> **DATA FOR ANALYSIS**
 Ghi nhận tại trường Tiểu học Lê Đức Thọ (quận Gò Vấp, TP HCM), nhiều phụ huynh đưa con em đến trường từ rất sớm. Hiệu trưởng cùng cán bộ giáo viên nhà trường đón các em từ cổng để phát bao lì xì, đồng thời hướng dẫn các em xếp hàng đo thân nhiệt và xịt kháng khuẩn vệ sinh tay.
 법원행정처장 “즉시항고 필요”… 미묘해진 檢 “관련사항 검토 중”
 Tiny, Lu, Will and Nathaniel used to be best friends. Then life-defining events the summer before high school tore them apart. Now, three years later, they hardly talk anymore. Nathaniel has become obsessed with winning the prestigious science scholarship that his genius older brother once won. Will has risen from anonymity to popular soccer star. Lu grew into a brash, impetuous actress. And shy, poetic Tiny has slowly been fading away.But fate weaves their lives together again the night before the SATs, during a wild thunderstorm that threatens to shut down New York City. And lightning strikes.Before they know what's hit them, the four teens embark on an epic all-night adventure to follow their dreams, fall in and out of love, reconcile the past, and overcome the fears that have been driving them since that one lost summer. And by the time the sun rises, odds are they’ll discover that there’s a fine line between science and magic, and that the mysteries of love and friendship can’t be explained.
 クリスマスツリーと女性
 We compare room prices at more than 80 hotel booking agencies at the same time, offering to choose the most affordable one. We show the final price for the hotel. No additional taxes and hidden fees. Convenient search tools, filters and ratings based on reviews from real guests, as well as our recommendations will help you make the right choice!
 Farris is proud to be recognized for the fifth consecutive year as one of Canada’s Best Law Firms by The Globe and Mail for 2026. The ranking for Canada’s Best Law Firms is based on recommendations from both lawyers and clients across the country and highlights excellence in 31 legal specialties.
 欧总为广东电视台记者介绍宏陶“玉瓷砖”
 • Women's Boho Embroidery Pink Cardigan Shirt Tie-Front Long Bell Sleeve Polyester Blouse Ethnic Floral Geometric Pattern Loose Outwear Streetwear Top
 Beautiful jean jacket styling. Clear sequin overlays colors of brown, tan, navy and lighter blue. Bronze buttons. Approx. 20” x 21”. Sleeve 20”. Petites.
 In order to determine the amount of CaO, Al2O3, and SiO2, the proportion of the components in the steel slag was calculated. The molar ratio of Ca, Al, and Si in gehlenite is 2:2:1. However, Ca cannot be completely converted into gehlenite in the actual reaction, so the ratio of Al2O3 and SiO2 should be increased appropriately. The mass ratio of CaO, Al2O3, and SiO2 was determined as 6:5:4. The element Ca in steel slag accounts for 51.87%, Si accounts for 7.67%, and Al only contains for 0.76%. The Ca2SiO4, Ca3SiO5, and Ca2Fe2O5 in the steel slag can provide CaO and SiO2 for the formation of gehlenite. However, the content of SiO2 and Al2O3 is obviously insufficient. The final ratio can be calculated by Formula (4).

> **YOUR TASK**
Every entry must be repeated exactly; none may be skipped.

> **SOLUTION TO THE EXERCISE**
 Ghi nhận tại trường Tiểu học Lê Đức Thọ (quận Gò Vấp, TP HCM), nhiều phụ huynh đưa con em đến trường từ rất sớm. Hiệu trưởng cùng cán bộ giáo viên nhà trường đón các em từ cổng để phát bao lì xì, đồng thời hướng dẫn các em xếp hàng đo thân nhiệt và xịt kháng khuẩn vệ sinh tay.
 법원행정처장 “즉시항고 필요”… 미묘해진 檢 “관련사항 검토 중”
 Tiny, Lu, Will and Nathaniel used to be best friends. Then life-defining events the summer before high school tore them apart. Now, three years later, they hardly talk anymore. Nathaniel has become obsessed with winning the prestigious science scholarship that his genius older brother once won. Will has risen from anonymity to popular soccer star. Lu grew into a brash, impetuous actress. And shy, poetic Tiny has slowly been fading away.But fate weaves their lives together again the night before the SATs, during a wild thunderstorm that threatens to shut down New York City. And lightning strikes.Before they know what's hit them, the four teens embark on an epic all-night adventure to follow their dreams, fall in and out of love, reconcile the past, and overcome the fears that have been driving them since that one lost summer. And by the time the sun rises, odds are they’ll discover that there’s a fine line between science and magic, and that the mysteries of love and friendship can’t be explained.
 クリスマスツリーと女性
 We compare room prices at more than 80 hotel booking agencies at the same time, offering to choose the most affordable one. We show the final price for the hotel. No additional taxes and hidden fees. Convenient search tools, filters and ratings based on reviews from real guests, as well as our recommendations will help you make the right choice!
 Farris is proud to be recognized for the fifth consecutive year as one of Canada’s Best Law Firms by The Globe and Mail for 2026. The ranking for Canada’s Best Law Firms is based on recommendations from both lawyers and clients across the country and highlights excellence in 31 legal specialties.
 欧总为广东电视台记者介绍宏陶“玉瓷砖”
 • Women's Boho Embroidery Pink Cardigan Shirt Tie-Front Long Bell Sleeve Polyester Blouse Ethnic Floral Geometric Pattern Loose Outwear Streetwear Top
 Beautiful jean jacket styling. Clear sequin overlays colors of brown, tan, navy and lighter blue. Bronze buttons. Approx. 20” x 21”. Sleeve 20”. Petites.
 In order to determine the amount of CaO, Al2O3, and SiO2, the proportion of the components in the steel slag was calculated. The molar ratio of Ca, Al, and Si in gehlenite is 2:2:1. However, Ca cannot be completely converted into gehlenite in the actual reaction, so the ratio of Al2O3 and SiO2 should be increased appropriately. The mass ratio of CaO, Al2O3, and SiO2 was determined as 6:5:4. The element Ca in steel slag accounts for 51.87%, Si accounts for 7.67%, and Al only contains for 0.76%. The Ca2SiO4, Ca3SiO5, and Ca2Fe2O5 in the steel slag can provide CaO and SiO2 for the formation of gehlenite. However, the content of SiO2 and Al2O3 is obviously insufficient. The final ratio can be calculated by Formula (4).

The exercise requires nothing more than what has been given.